Rick Perry has found himself at the bottom of the second tier after what seemed like a cake walk to the presidency. But the Rick Perry bankroll has pundits on the ready for the next move upward. On Monday, Perry tickled the media with a preview of his 20/20 Flat tax. His overall plan which is named “Cut, Balance and Grow” seems much less catchy, especially if he has his eye on a primetime ABC host slot.

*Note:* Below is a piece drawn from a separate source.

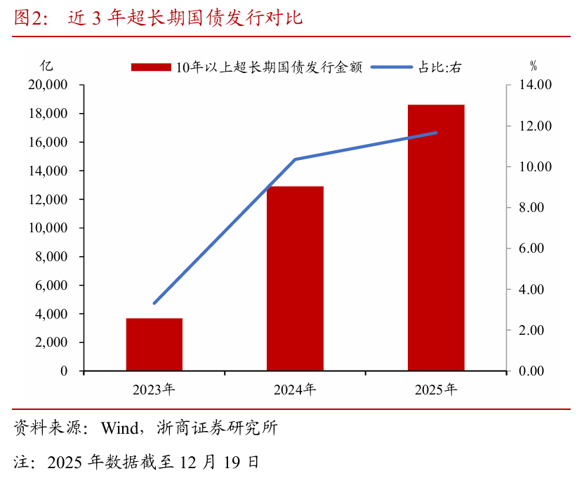 超长期国债调整背后或反映出配置与交易力量的双双走弱。一方面,近年来我国10年以上超长期国债供给显著放量,截至12月19日,2025年10年以上国债发行规模已达1.86万亿,占国债发行总量的比重达到11.66%。逐年抬升的超长期国债发行规模对银行等传统配置机构配置能力带来一定挑战,叠加2026年财政前置发力预期,使其在久期与利润等多重因素考核下或增大超长期国债抛售力度。另一方面,在财政扩张的全球宏观背景下,美国、日本等国家30年国债面临相对较大的抛售压力,或在一定程度上影响超长期国债持有者投资情绪。加之近期国内债市行情相对偏弱,基金等交易型机构或也存在较强减持动机,从而形成了30年国债收益率逢低减持的阶段性市场行情,此前数年债牛行情下所积累的投机情绪或逐步退潮。
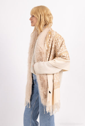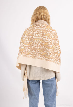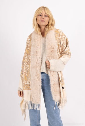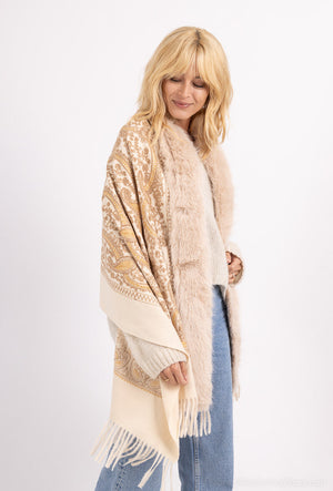 Luxe Pashmina met Wolblend en Bontdetail – Beige Paisley

If one were going to summarize the plan, they might suggest that Perry believes in “caps”. His 20% flat tax is optional, so essentially everyone paying more than 20% currently can move to 20% while everyone paying less can still pay their current rate. It also moves the corporate rate to 20%, kills the death tax, and removes taxes from qualified dividends and capital gains. The plan also includes capping spending at 18%. I believe talking about caps on spending as a percentage of GDP are a mistake for the simple fact that if you do this, what are the odds that congress will ever spend less than this amount? Then again, after what we’ve seen in the last three years, it doesn’t sound half bad.

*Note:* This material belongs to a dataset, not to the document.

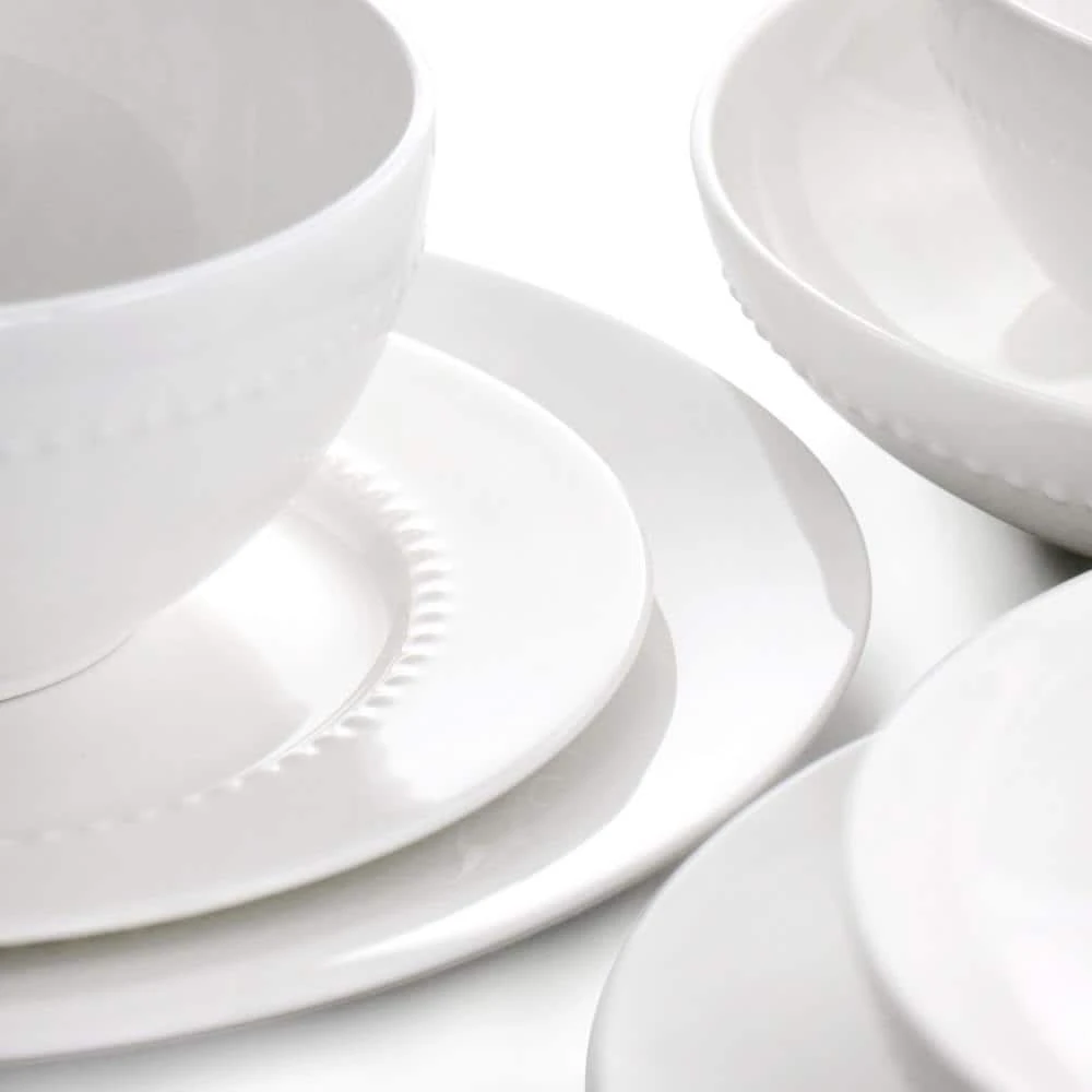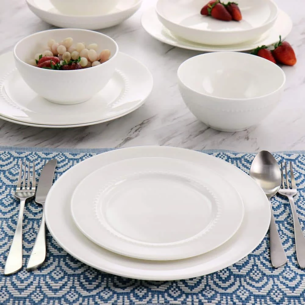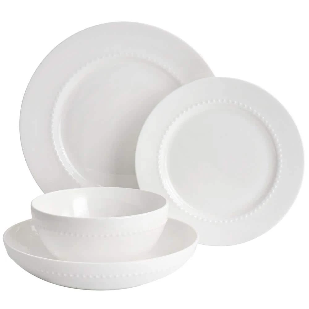 - Set Includes: Four 10.75in dinner plates, Four 8.3in salad plates, Four 32oz dinner bowls, Four 24oz cereal bowls

James Pethokoukis breaks down Perry’s plan over at The American:
—A choice between a new, flat tax rate of 20 percent or their current income tax rate.
—The new flat tax preserves mortgage interest, charitable and state and local tax exemptions for families earning less than $500,000 annually, and it increases the standard deduction to $12,500 for individuals and dependents.
—Abolishes the death tax once and for all, providing needed certainty to American family farms and small businesses.
—Lowers the corporate tax rate to 20 percent—along with a tax holiday for foreign earnings—and moves toward territorial taxation.